Aug 26, 2015
Inside Virginia Men’s Basketball’s Strong Summer

The University of Virginia men’s basketball players have all made gains in their offseason strength training, but those gains are not always in the number of pounds. Strength and Conditioning Coach and T&C contributor Mike Curtis tailors training plans to each athlete to target specific weaknesses.

Head Coach Tony Bennett told that the biggest changes in players often happen between their first and second seasons. This was true for Isaiah Wilkins who has gained 25 pounds of mostly muscle since enrolling at UVA.

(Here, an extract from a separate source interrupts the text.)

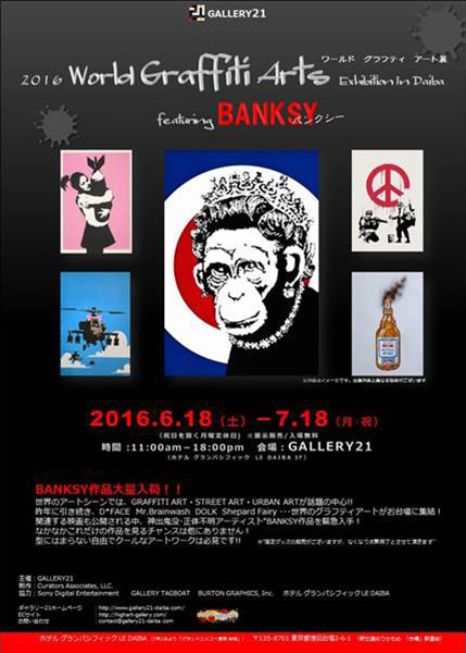 2016年6月18日(土)から7月18日(月)まで、GALLERY21にて、グラフィティアート展「2016 World Graffiti Arts Exhibition in Daiba featuring BANKSY」が開催される。昨年に引き続き、第2回目の開催。SNSの情報拡散などにより、世界で注目を集めているBANKSY、D*FACE、DOLK、Mr.Brainwash、Shepard Faireyなどによる約40作品が展示販売される。入場無料、月曜休催(祝祭日を除く)で、時間は11:00〜18:00。

“That was probably one of the limitations he had last year,” Curtis said. “He’s already undersized in terms of height. I think being a little more comparable in terms of weight will add some benefit. He’s gotten strong enough now where those battles he was losing in the paint last year, he should be able to win more of those than he loses this year.”

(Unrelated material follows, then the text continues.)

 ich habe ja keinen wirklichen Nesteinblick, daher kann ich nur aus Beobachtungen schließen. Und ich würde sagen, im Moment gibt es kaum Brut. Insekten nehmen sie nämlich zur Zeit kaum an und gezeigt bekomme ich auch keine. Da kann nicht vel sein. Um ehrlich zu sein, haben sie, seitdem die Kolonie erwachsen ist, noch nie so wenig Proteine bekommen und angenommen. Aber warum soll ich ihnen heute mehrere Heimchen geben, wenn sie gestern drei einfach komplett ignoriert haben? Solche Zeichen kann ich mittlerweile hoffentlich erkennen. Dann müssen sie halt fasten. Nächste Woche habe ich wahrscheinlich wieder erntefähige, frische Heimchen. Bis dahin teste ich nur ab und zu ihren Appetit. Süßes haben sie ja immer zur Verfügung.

For other athletes, improving body composition was the goal. Swingman Marial Shayok gained only one pound but lost some body fat and added muscle. Freshman Jarred Reuter went from 272 pounds to 250.

“[Jarred] was a decent mover, and at his size, he already had a decent level of strength,” Curtis said. “The biggest thing was to try and get him to look a little more like a basketball player and move more efficiently.”

Efficient movement was also a goal for center Jack Salt, who red-shirted last year but gained a reputation in practice for his aggressive style.

“[The plan] was to continue to try and make Jack a monster,” Curtis said. “Jack already had that kind of mentality with his approach to things and we stacked a little strength on that, and he’s moving a lot better than he was before. You put all those things together — more efficient movement, stronger body — it will help him in his pursuit to gain playing time over the course of the year. I think his ability to avoid obstacles and things like that will be better just because he’s a little more efficient as a mover. He won’t be running into people or stumbling into people.”  

For his upperclassmen, Curtis focused on building more “elastic and reactive” abilities. He also capitalized on the motivation of the athletes who are facing their last college season.

“I think Mike [Tobey] finally realized there’s only one more year left,” Curtis said. “I think he just got to a place where four years goes by so fast, and it finally hit him that this is his last opportunity to do something special here.

“They’ve all worked hard, gotten stronger and made gains,” he continued. “But like every year, you don’t really know until you get into five-on-five competition.”